Lutte contre le SIDA : objectif zéro CDD

Le 1er décembre est la journée mondiale de lutte contre le SIDA, cette année encore le mot d’ordre est « Zéro contamination, zéro décès, zéro discrimination » (zéro CDD).

Les Jeunes Socialistes affirment en 2014 leur volonté d’être la dernière génération à connaître l’épidémie de SIDA. Ainsi, l’objectif de l’ONUSIDA est d’éradiquer l’épidémie à l’horizon 2030. Il est atteignable si les efforts mondiaux se conjuguent avec ambition et des moyens conséquents ces prochaines années.
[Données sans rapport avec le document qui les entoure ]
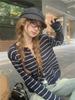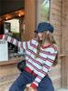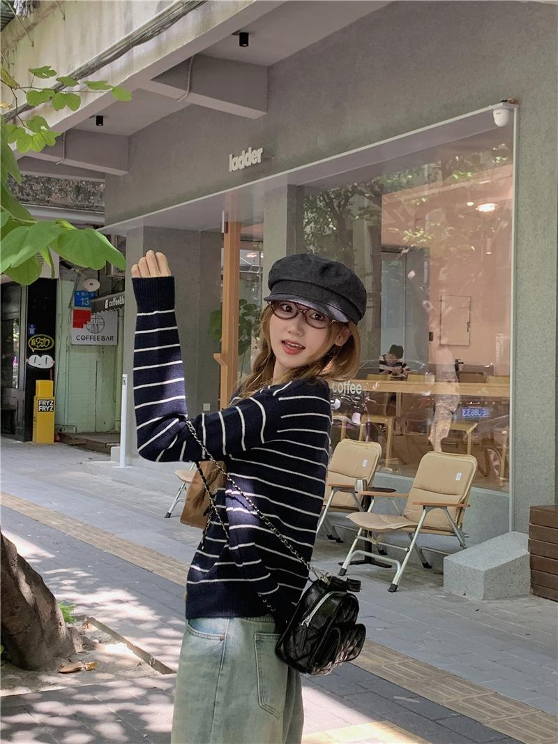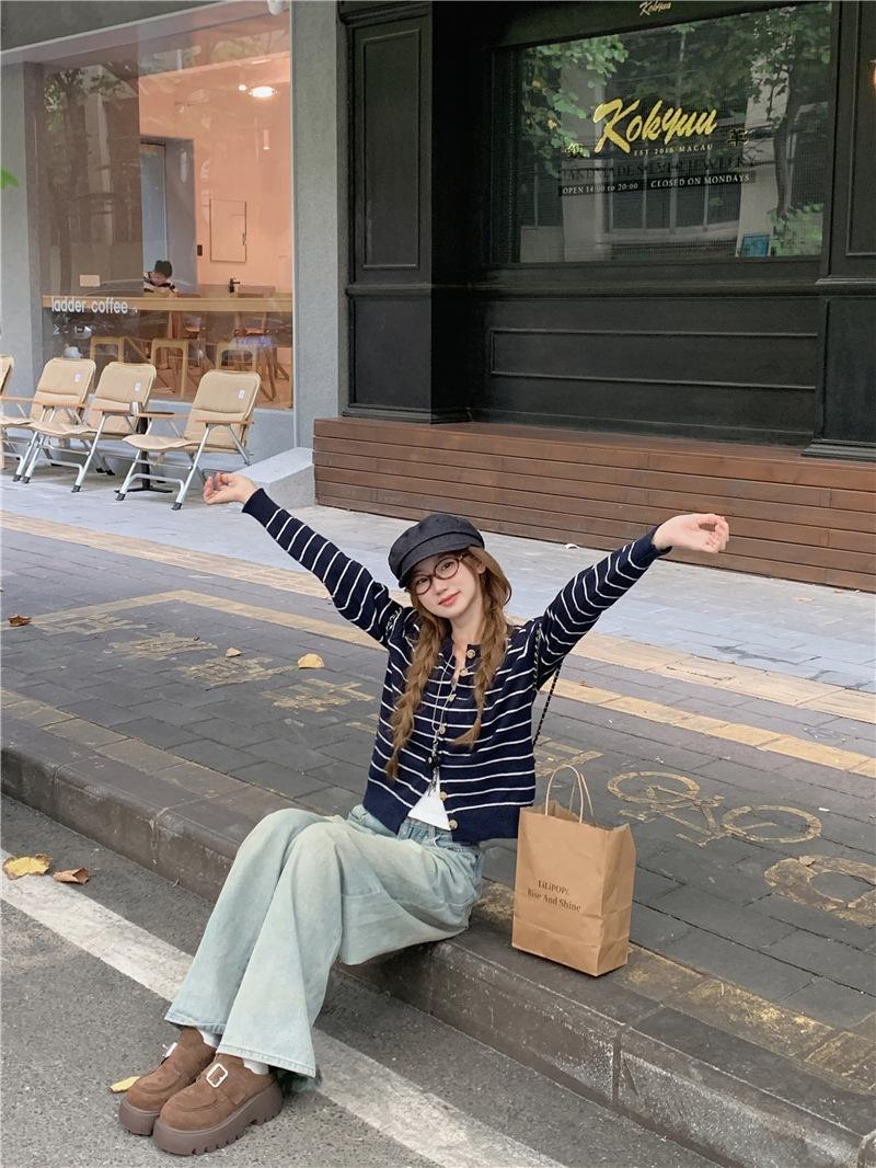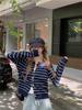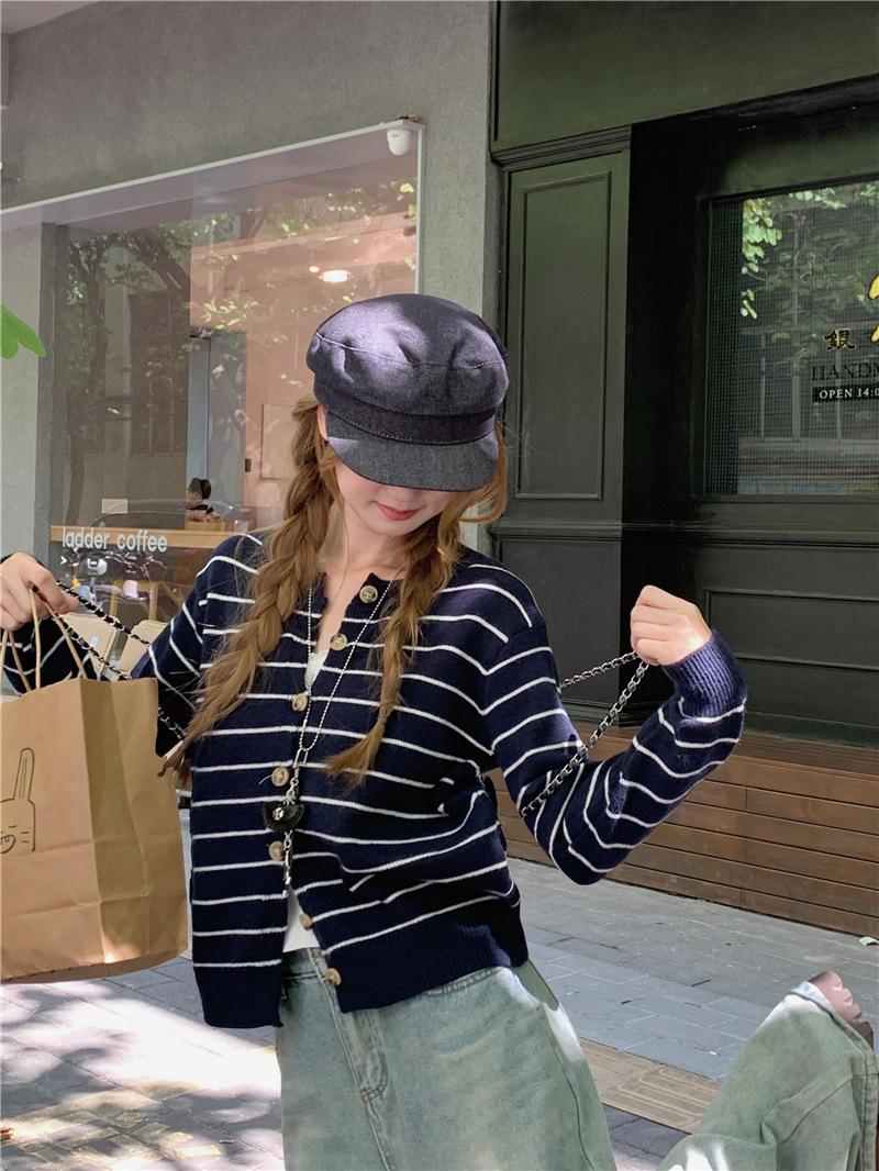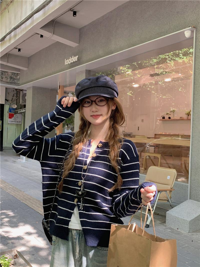 Foto Real Primavera y Otoño Nuevo Estilo Coreano Casual Versátil Cárdigan de Punto Rayado Ropa de Mujer

En 2013, 35 millions de personnes vivent avec le SIDA dans le monde, dont 2,1 millions de nouvelles infections, et le décès de 1,5 million de personnes. Si des progrès sont à noter avec un nombre de nouvelles infections en chute de 38% depuis 2001, et des décès qui ont baissé d’un tiers depuis 2005, les jeunes (10-19 ans) sont aujourd’hui les plus touchés avec une mortalité en hausse de 50%.

En France, 6000 personnes découvrent leur séropositivité chaque année, dont 58% de personnes ayant eu des relations hétérosexuelles. Plusieurs études montrent un inquiétant relâchement dans l’usage du préservatif chez les moins de 30 ans.
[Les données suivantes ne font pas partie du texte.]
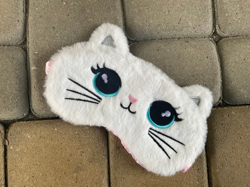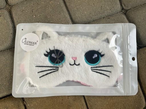 OPASKA NA OCZY MASKA DO SPANIA SNU RELAKSU KOT PLUSZOWY OLDMAN NA GUMCE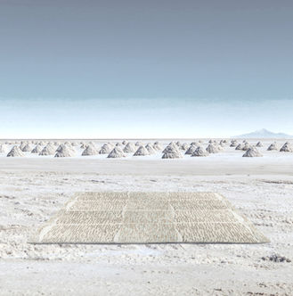 Les textures, les couleurs, les motifs du minéral se déclinent sous toutes ces formes pour inspirer des structures et des dessins de tapis qu'il s'agisse de la porcelaine brillante, du plâtre gratté, de l'argile blanchi, du galet lissé par l'eau, des veinures du marbre, des aspérités d'un coquillage ou encore de la surface rocheuse de la lune.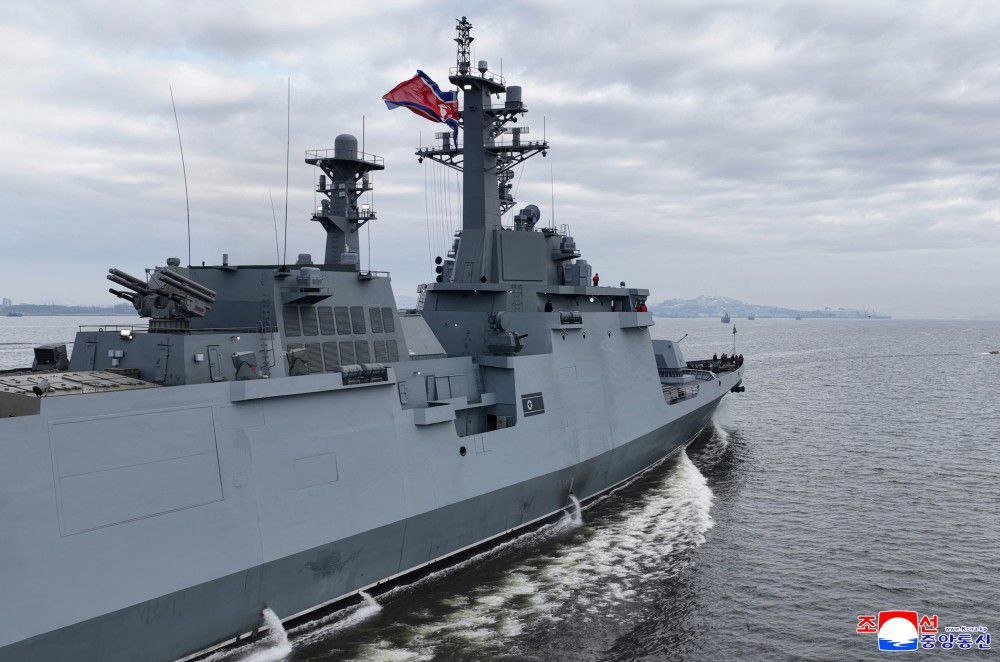 Ким Чен Ын наблюдает за залпом крылатых ракет с борта эсминца "Чвэ Хён" который проходит финальный этап испытаний и в скором времени будет принят на вооружение.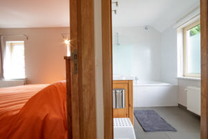 Sous le gîte se trouve un studio privé avec une entrée séparée et sans vue sur le jardin. Il n’est pas habité en permanence et n’est pas à louer.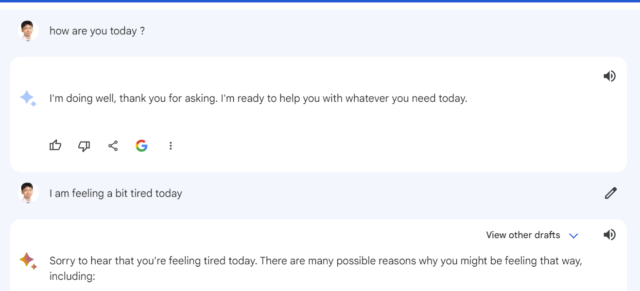 For example, unlike Bard or Bing Chat, you cannot have a casual conversation about life and the weather. See below a conversation with Bard.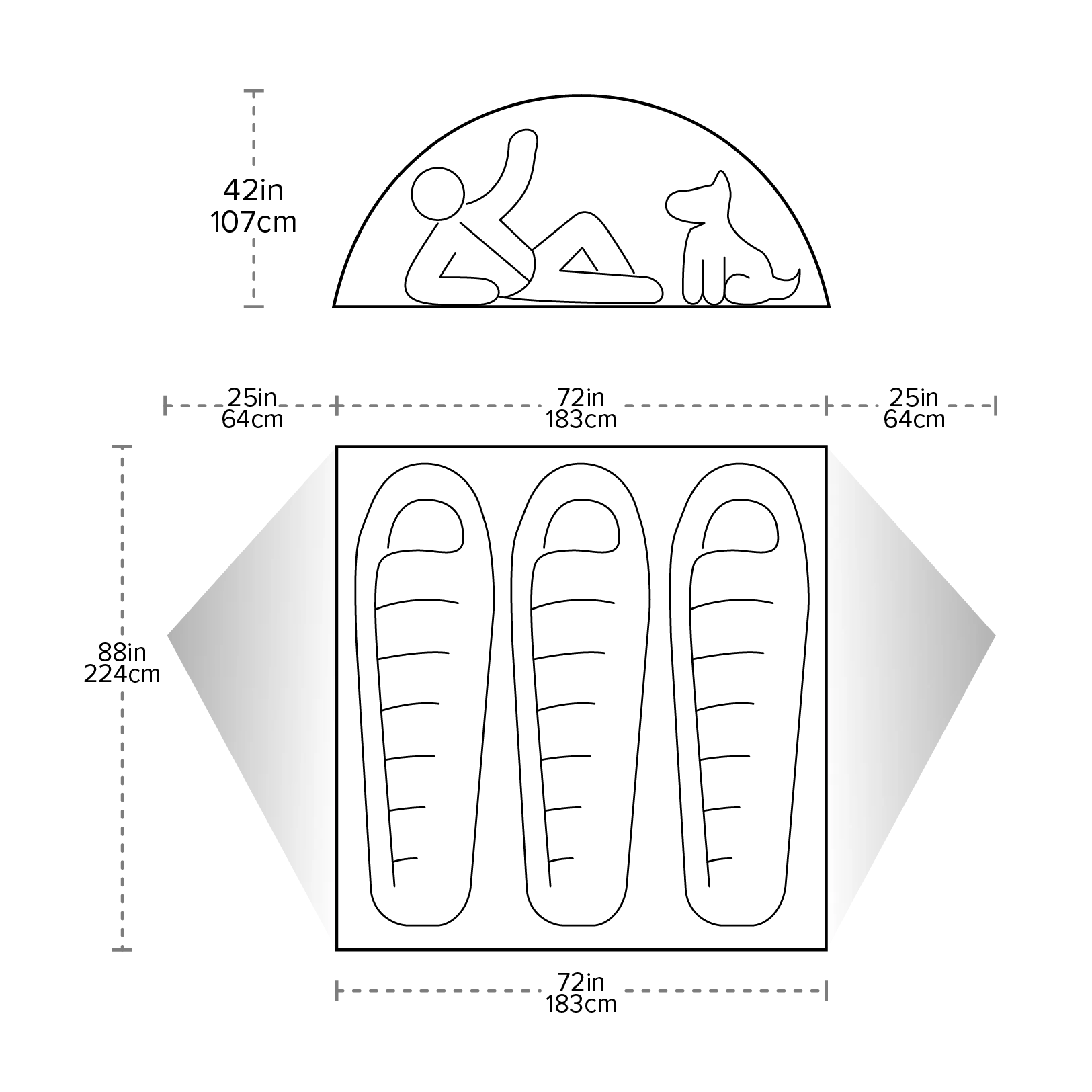 - Freestanding architecture is easy to set up and provides ample interior space, with extra storage in each vestibule.

Pour mettre fin à la pandémie, les Jeunes Socialistes soutiennent une approche globale de la réduction des risques sanitaires. Ainsi, l’essai IPERGAY mené en France par l’Agence Nationale de Recherche sur le Sida a prouvé l’efficacité de la prévention combinée : usage du préservatif, dépistage régulier et traitement pré et post-exposition.

Utiliser tous les leviers de la prévention est la clé dans la réussite de la lutte contre le SIDA : relancer les campagnes d’information et développer l’accès gratuit au préservatif pour les jeunes ; développer les TROD (tests rapides d’orientation diagnostique) sur les lieux d’études et de prise de risques ; augmenter les fonds alloués aux campagnes de circoncision dans les pays pauvres à propagation élevée ; élargir les outils de prévention par la mise à disposition de tou.te.s de la prophylaxie pré-exposition (traitement préventif).
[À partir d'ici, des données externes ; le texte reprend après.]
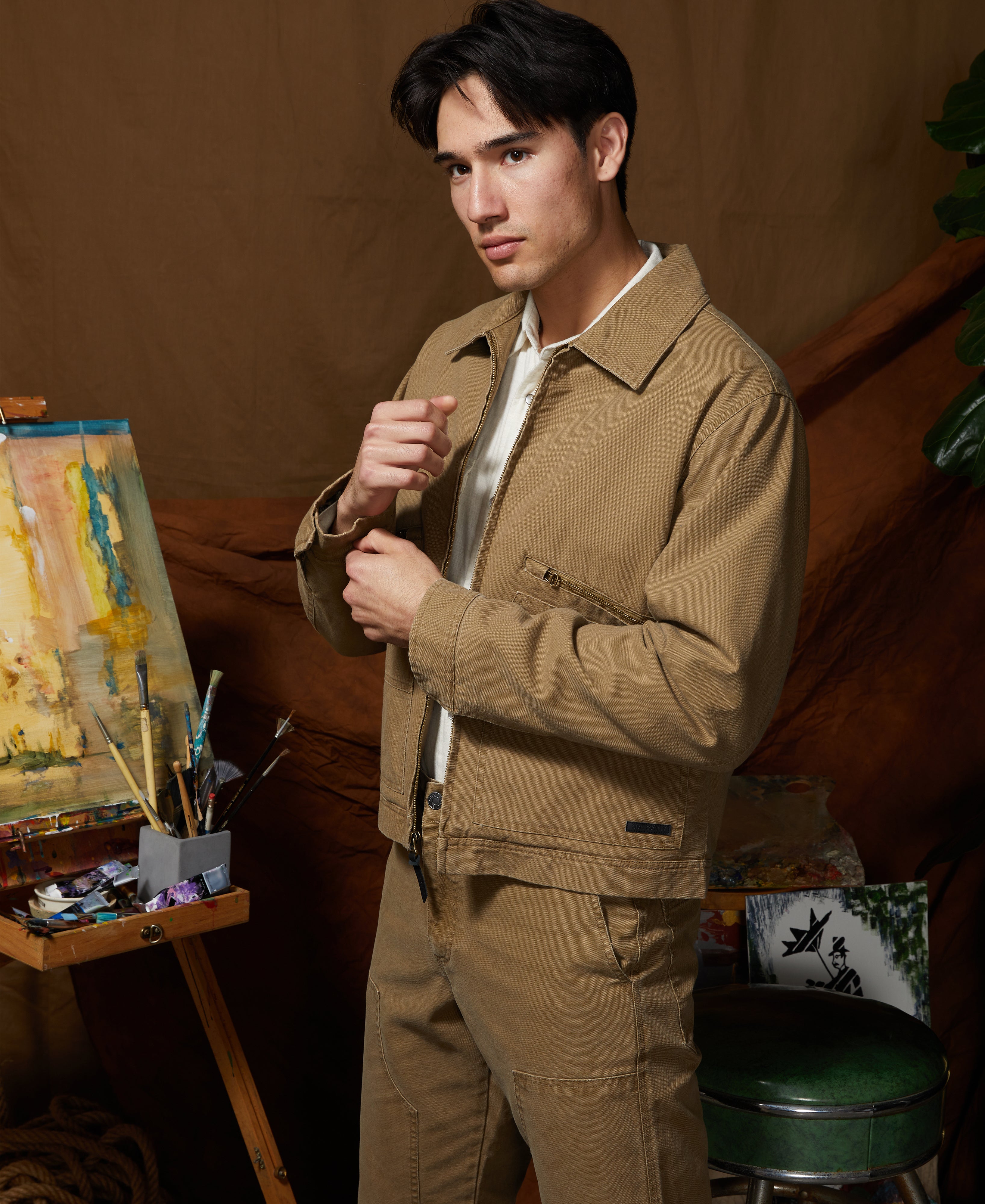 ALDRICH | cropped zip workwear jacket | tobacco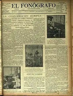 The newspapers's policy in favor of the Allies resulted in economic imbalance for "El Fonógrafo" because most of its advertisements, that came from Maracaibo German import and trading firms, began to be withdrawn. Government pressure on the newspaper became more and more intense but Eduardo López Bustamante did not change El Fonógrafo's editorial line.[4]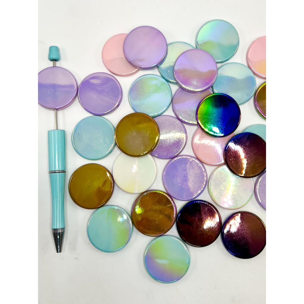 These Flat Round Beads, Flat Back Disk Acrylic Beads, Plain Background, Size 32mm, LD are perfect for adding a unique touch to custom pen designs. Made from durable acrylic with a flat back disk shape, they provide a smooth surface for decoration.

Le dépistage est un élément majeur car au plus tôt on connaît le statut sérologique, au plus tôt on réduit les risques sanitaires personnels et les risques de contamination (les personnes traitées à un stade précoce ne transmettent plus le virus).

Le président François Hollande a annoncé l’année dernière le maintien de la contribution annuelle de 360 millions d’euros de la France au Fonds mondial de lutte contre la tuberculose, le sida et le paludisme. Les Jeunes Socialistes souhaitent une hausse à 400 millions pour se mettre au niveau du Royaume-Uni, financée par une partie de la taxe sur les transactions financières et le maintien de la taxe sur les billets d’avion. En attendant la découverte d’un vaccin, les Jeunes Socialistes appellent les pouvoirs publics français et mondiaux à renforcer leurs efforts en direction des jeunes générations dans la prévention, le dépistage et le traitement du SIDA.